ABOUT THIS TASK: Copy the records word for word, omitting all pictures.

TASK INPUT:

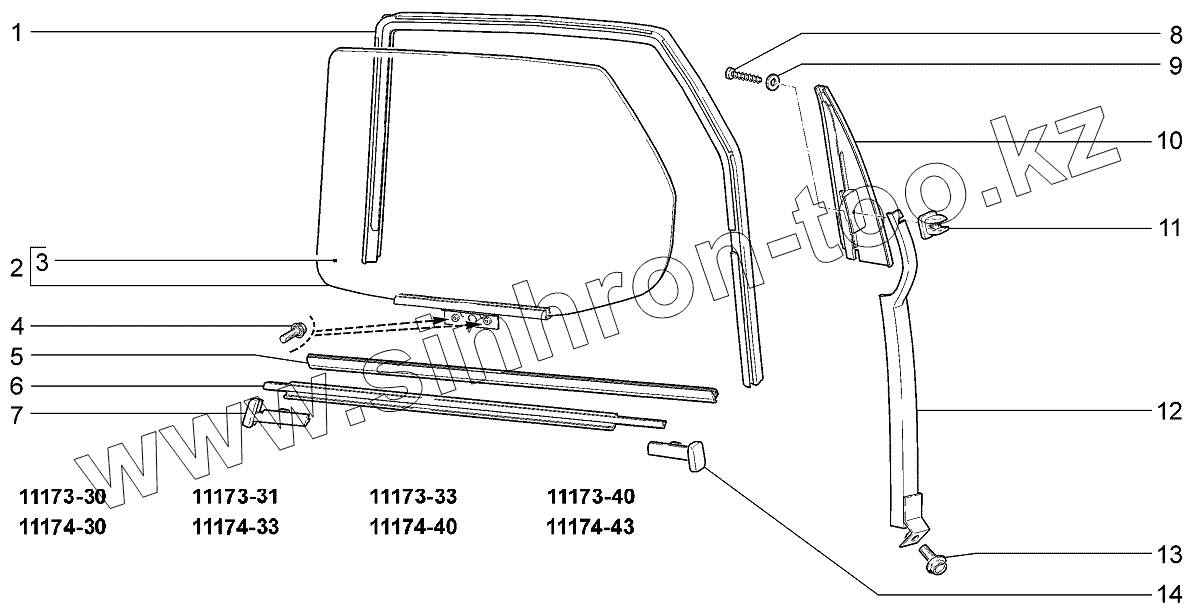 Каталог запасных частей к технике: ВАЗ LADA Kalina 1117. Окна задних дверей
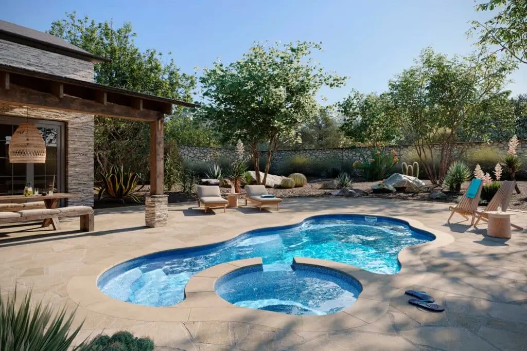 Relax and unwind in the Bermuda 12, a compact freeform fiberglass pool that brings resort-style comfort to smaller backyards without sacrificing style or functionality.
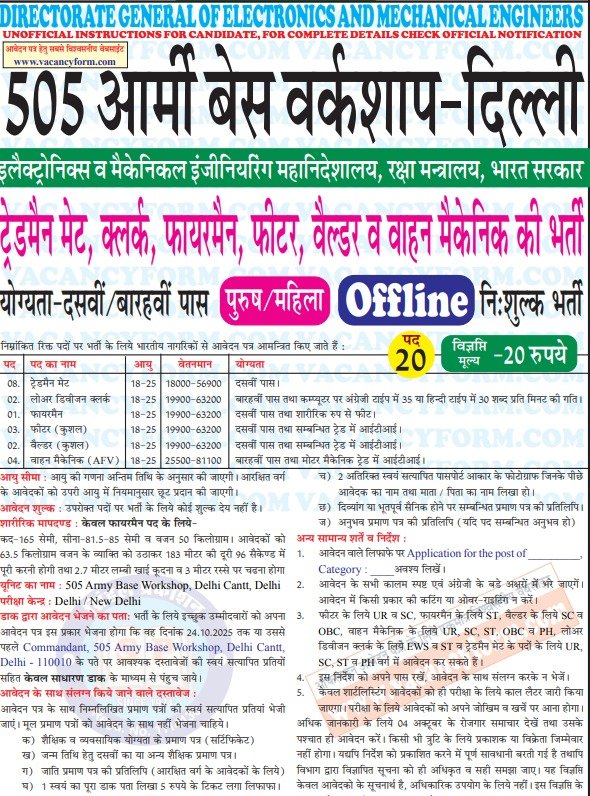 Delhi 505 army Base Workshop Delhi Cantt Vacancy 2025 Offline Form: The Delhi 505 Army Base Workshop Delhi Cantt has released the latest notification for the recruitment of Various Group C Posts Including Trademan Mate, LDC, Fireman, Fitter, Welder, Vehicle Mechanic Vacancy Offline Form For All India Candidates. Eligible candidates can apply offline for the Delhi 505 army Base Workshop Delhi Cantt 2025 from the Indian Army Official website indianarmy.nic.in starting from 30 September 2025. All the details related to Delhi 505 army Base Workshop Delhi Cantt Bharti 2025 are given below.
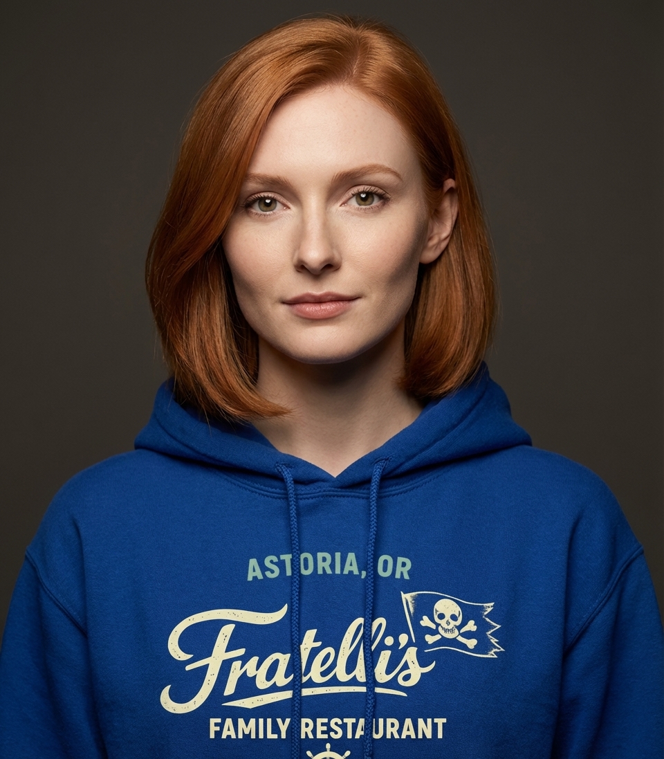 This graphic tee showcases a vintage-inspired logo for "Fratelli's Family Restaurant" in Astoria, Oregon. The design features classic distressed typography, nautical accents like a ship's wheel, and a distinctive pirate flag with a skull and crossbones. The inclusion of "ESTD. 1985" grounds the design in a specific era, evoking a sense of nostalgia.
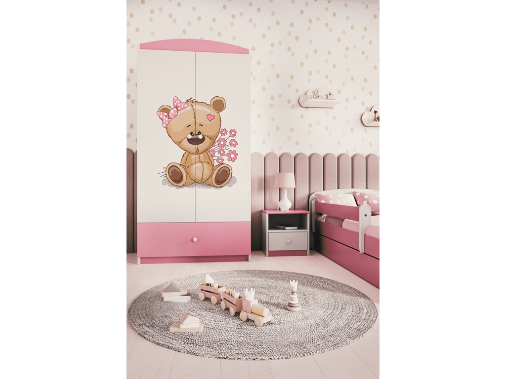 Skříň Babydreams je vyrobena z vysoce kvalitní nábytkové desky o tloušťce 18 mm. Je k dispozici v několika barevných variantách a s více než desítkou obrázků.
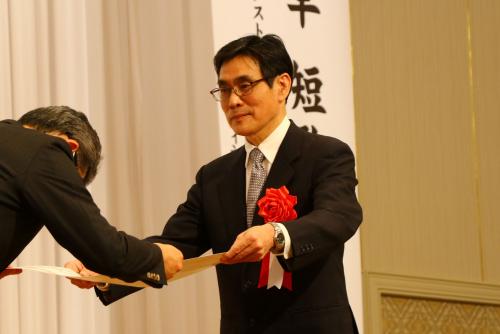 授賞式では、受賞者の奥田亡羊氏(受賞作品:歌集『花』)に対し、河野知事から賞状とトロフィーが贈られました。
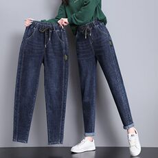 秋冬大码200斤加绒加厚牛仔裤胖MM宽松显瘦松紧高腰哈伦老爹裤潮
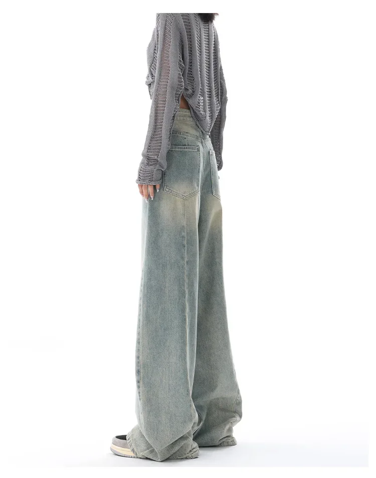 Ken Studio Spring Summer New Vintage Jeans Women's Loose Fit Design Slimming Trailer Bell Bottoms Pants American Style
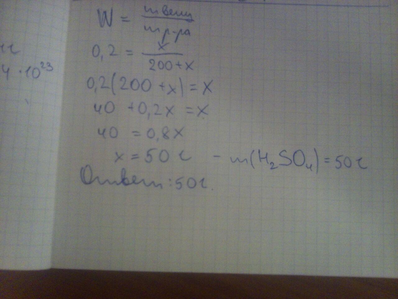 Сколько граммов серной кислоты надо добавить к 200г воды, что бы получить 20%-ный раствор кислоты
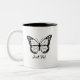 minimalist, simple, black and white butterfly mug with an inspirational quote
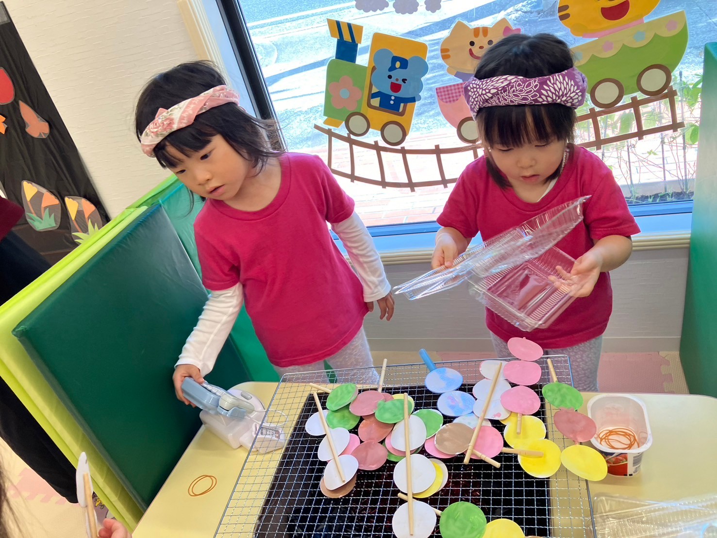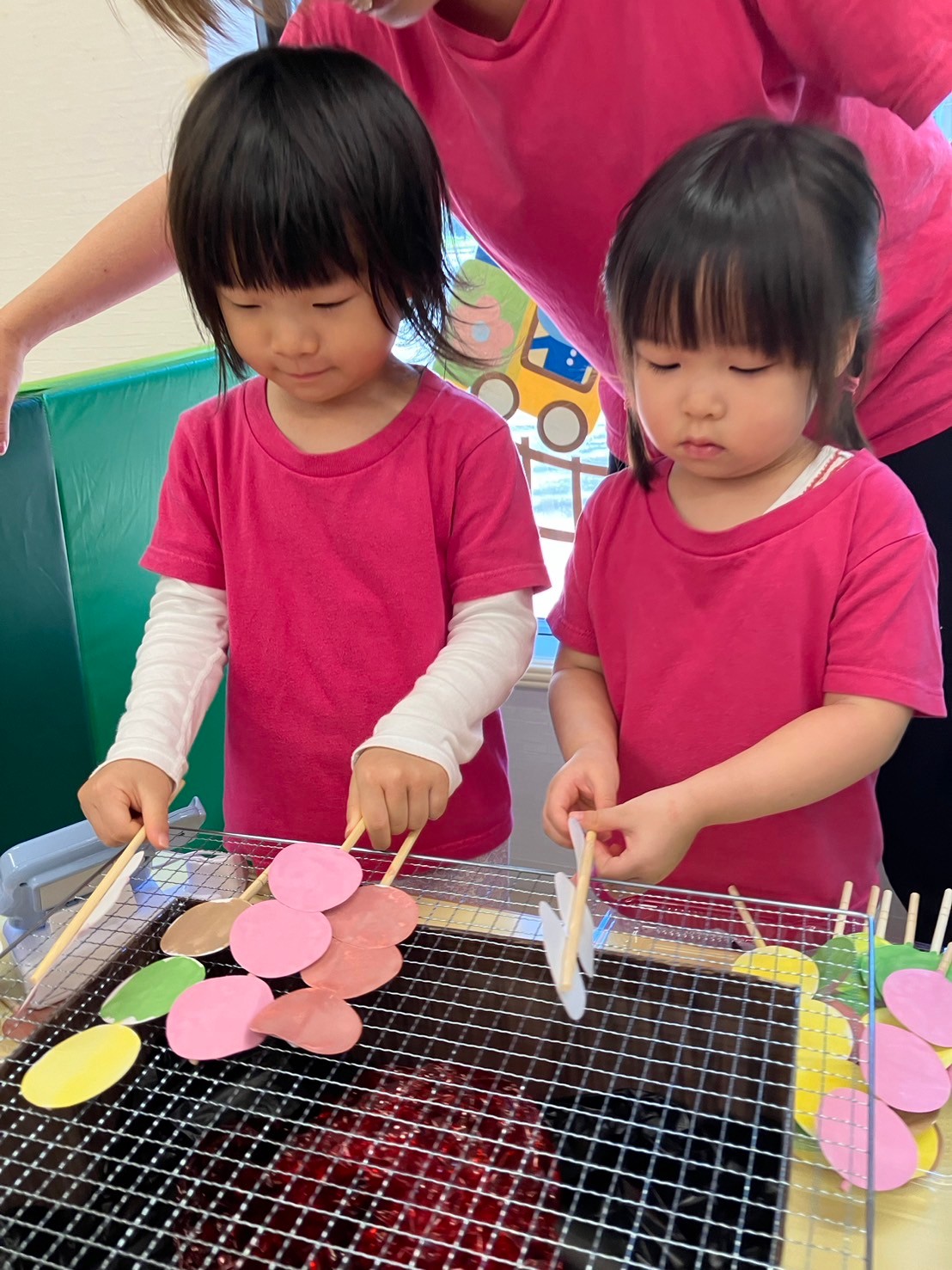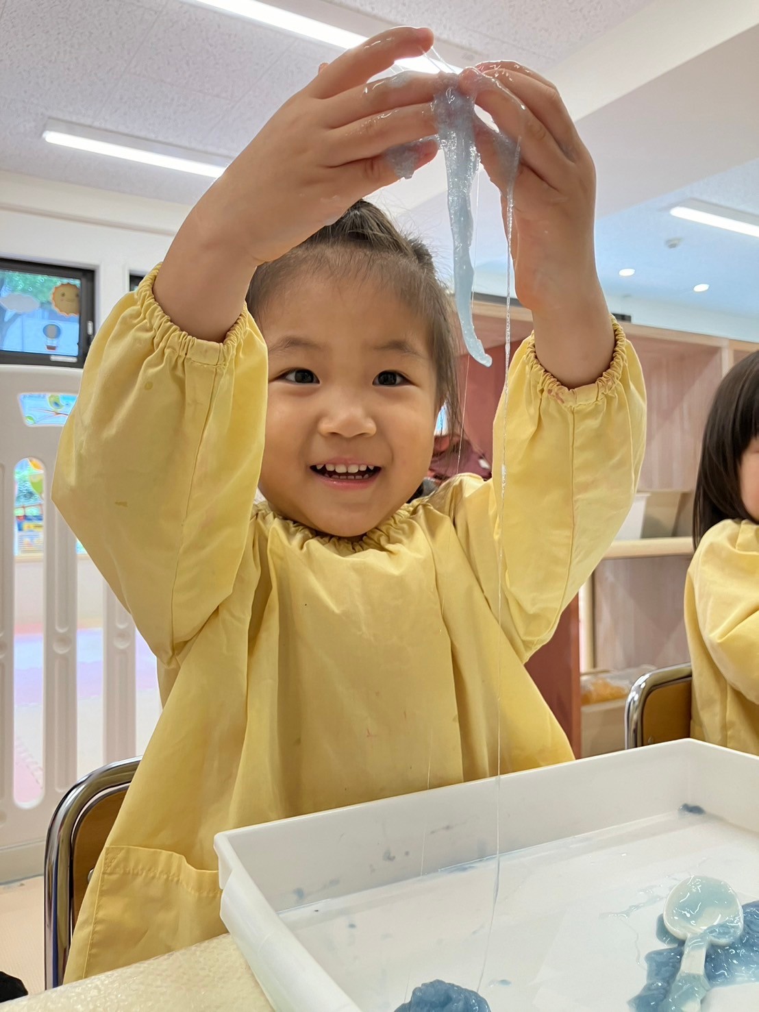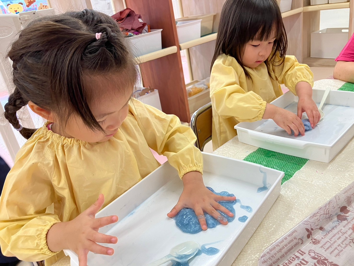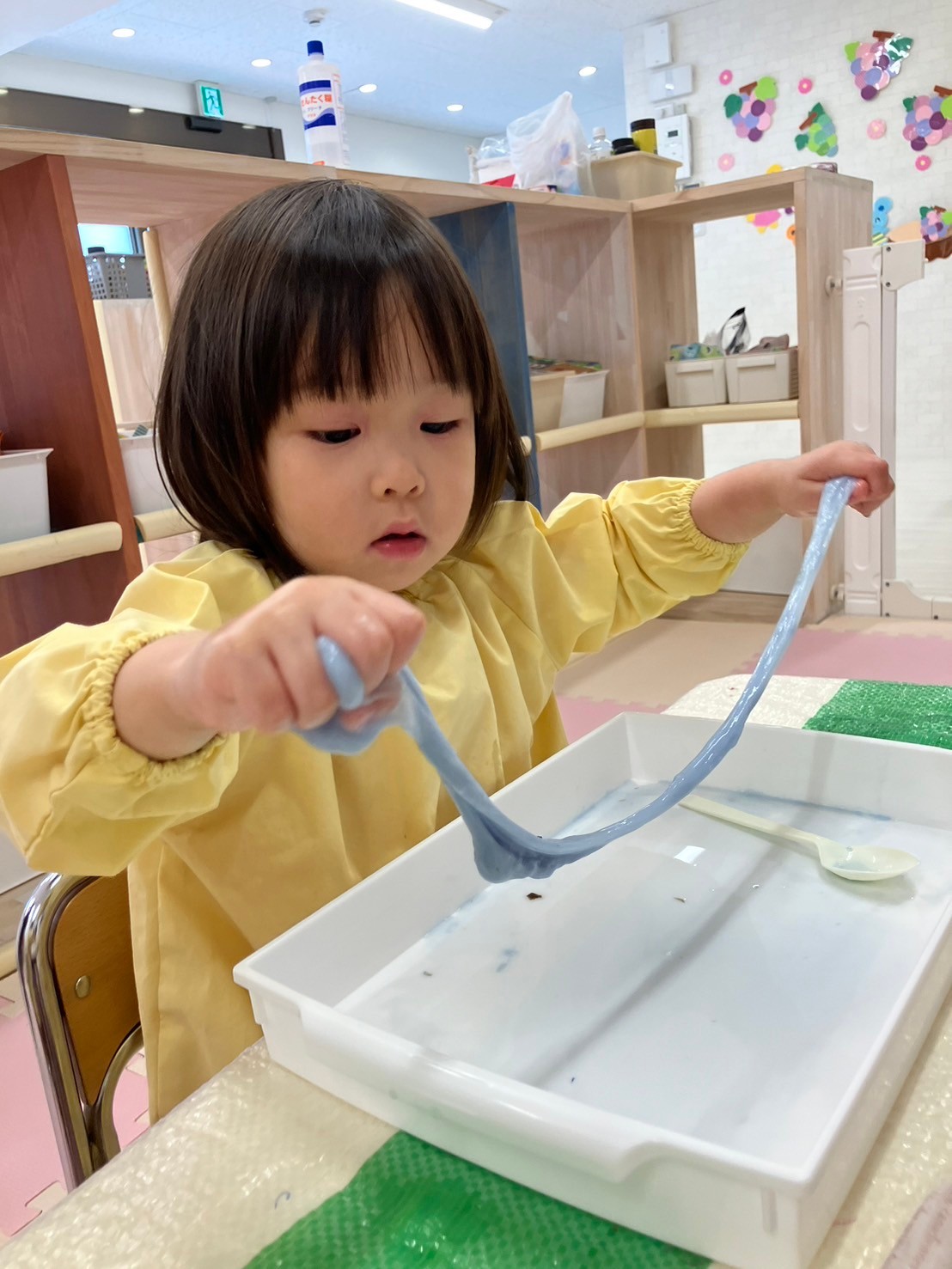 両手でビヨーンと伸ばしてみたり、スプーンでつついてみたりといろんな方法で感触を楽しんでいた子どもたちでした。
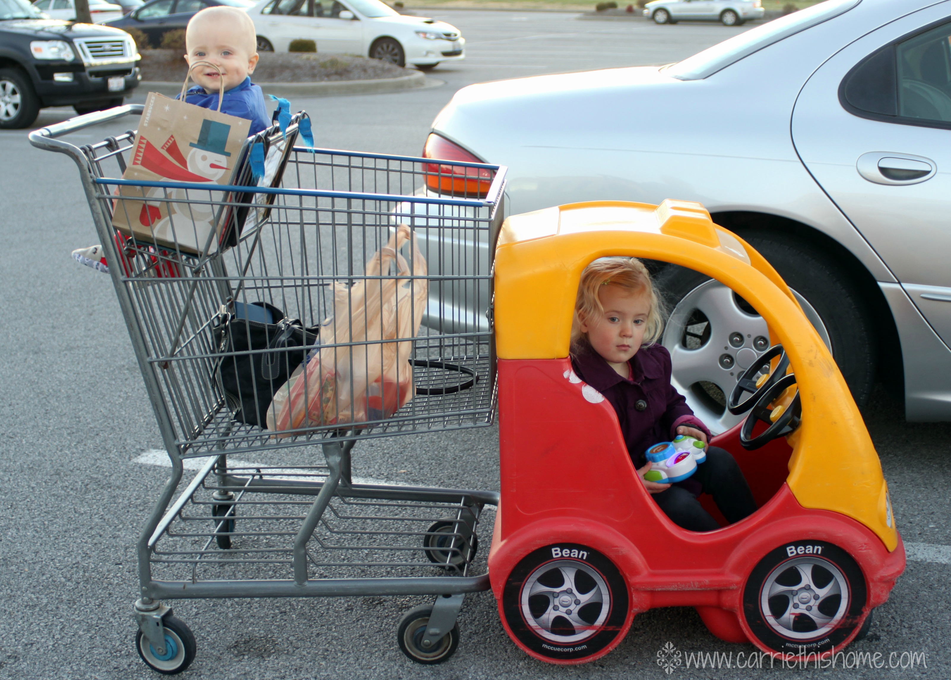 I have a love/hate relationship with these shopping carts. I love them because they help keep my kids happy and contained while I shop.
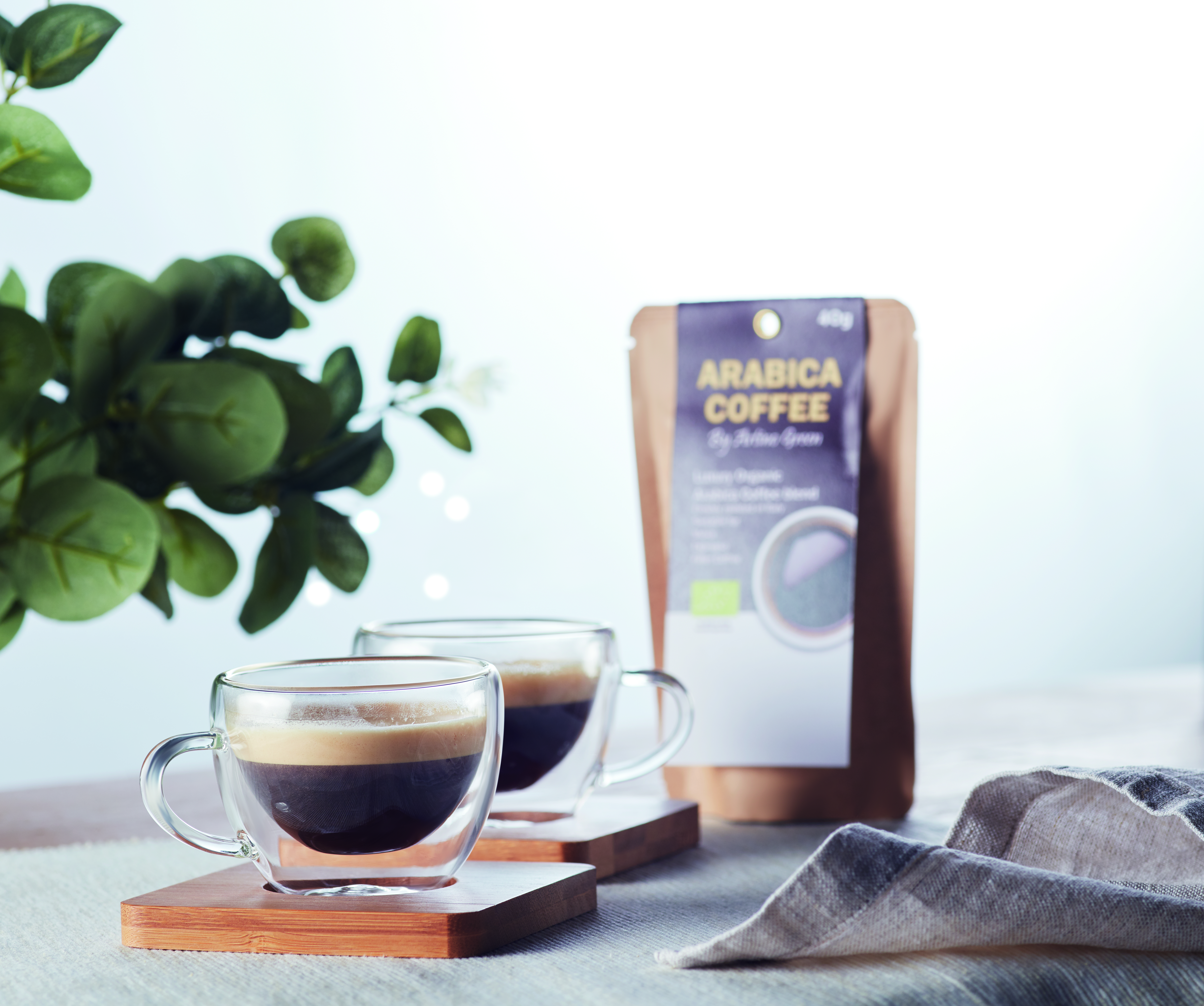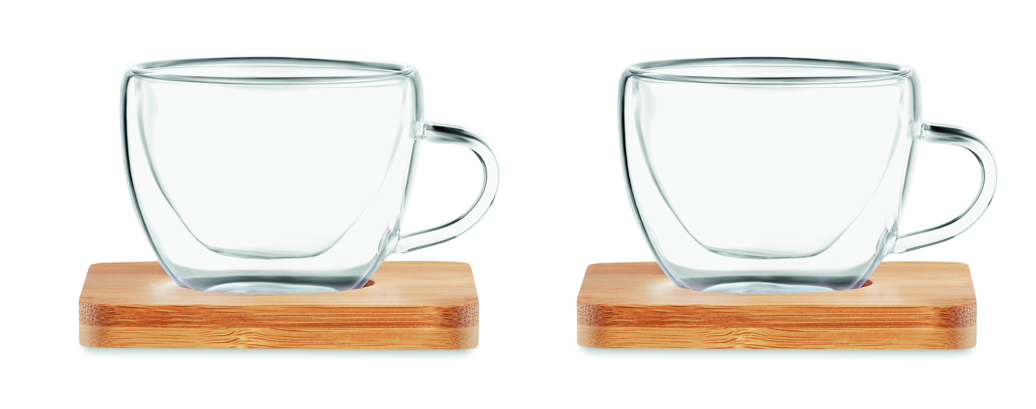 Set mit 2 doppelwandigen Espressogläsern mit Untersetzern aus Bambus. Verpackt in einer Box aus Kraftpapier. Füllmenge: 60 ml. Bambus ist ein natürliches Produkt, es kann daher zu leichten Abweichungen in Farbe, Dekor und Maßen kommen.

YOUR RESPONSE:
 Каталог запасных частей к технике: ВАЗ LADA Kalina 1117. Окна задних дверей
 Relax and unwind in the Bermuda 12, a compact freeform fiberglass pool that brings resort-style comfort to smaller backyards without sacrificing style or functionality.
 Delhi 505 army Base Workshop Delhi Cantt Vacancy 2025 Offline Form: The Delhi 505 Army Base Workshop Delhi Cantt has released the latest notification for the recruitment of Various Group C Posts Including Trademan Mate, LDC, Fireman, Fitter, Welder, Vehicle Mechanic Vacancy Offline Form For All India Candidates. Eligible candidates can apply offline for the Delhi 505 army Base Workshop Delhi Cantt 2025 from the Indian Army Official website indianarmy.nic.in starting from 30 September 2025. All the details related to Delhi 505 army Base Workshop Delhi Cantt Bharti 2025 are given below.
 This graphic tee showcases a vintage-inspired logo for "Fratelli's Family Restaurant" in Astoria, Oregon. The design features classic distressed typography, nautical accents like a ship's wheel, and a distinctive pirate flag with a skull and crossbones. The inclusion of "ESTD. 1985" grounds the design in a specific era, evoking a sense of nostalgia.
 Skříň Babydreams je vyrobena z vysoce kvalitní nábytkové desky o tloušťce 18 mm. Je k dispozici v několika barevných variantách a s více než desítkou obrázků.
 授賞式では、受賞者の奥田亡羊氏(受賞作品:歌集『花』)に対し、河野知事から賞状とトロフィーが贈られました。
 秋冬大码200斤加绒加厚牛仔裤胖MM宽松显瘦松紧高腰哈伦老爹裤潮
 Ken Studio Spring Summer New Vintage Jeans Women's Loose Fit Design Slimming Trailer Bell Bottoms Pants American Style
 Сколько граммов серной кислоты надо добавить к 200г воды, что бы получить 20%-ный раствор кислоты
 minimalist, simple, black and white butterfly mug with an inspirational quote
 両手でビヨーンと伸ばしてみたり、スプーンでつついてみたりといろんな方法で感触を楽しんでいた子どもたちでした。
 I have a love/hate relationship with these shopping carts. I love them because they help keep my kids happy and contained while I shop.
 Set mit 2 doppelwandigen Espressogläsern mit Untersetzern aus Bambus. Verpackt in einer Box aus Kraftpapier. Füllmenge: 60 ml. Bambus ist ein natürliches Produkt, es kann daher zu leichten Abweichungen in Farbe, Dekor und Maßen kommen.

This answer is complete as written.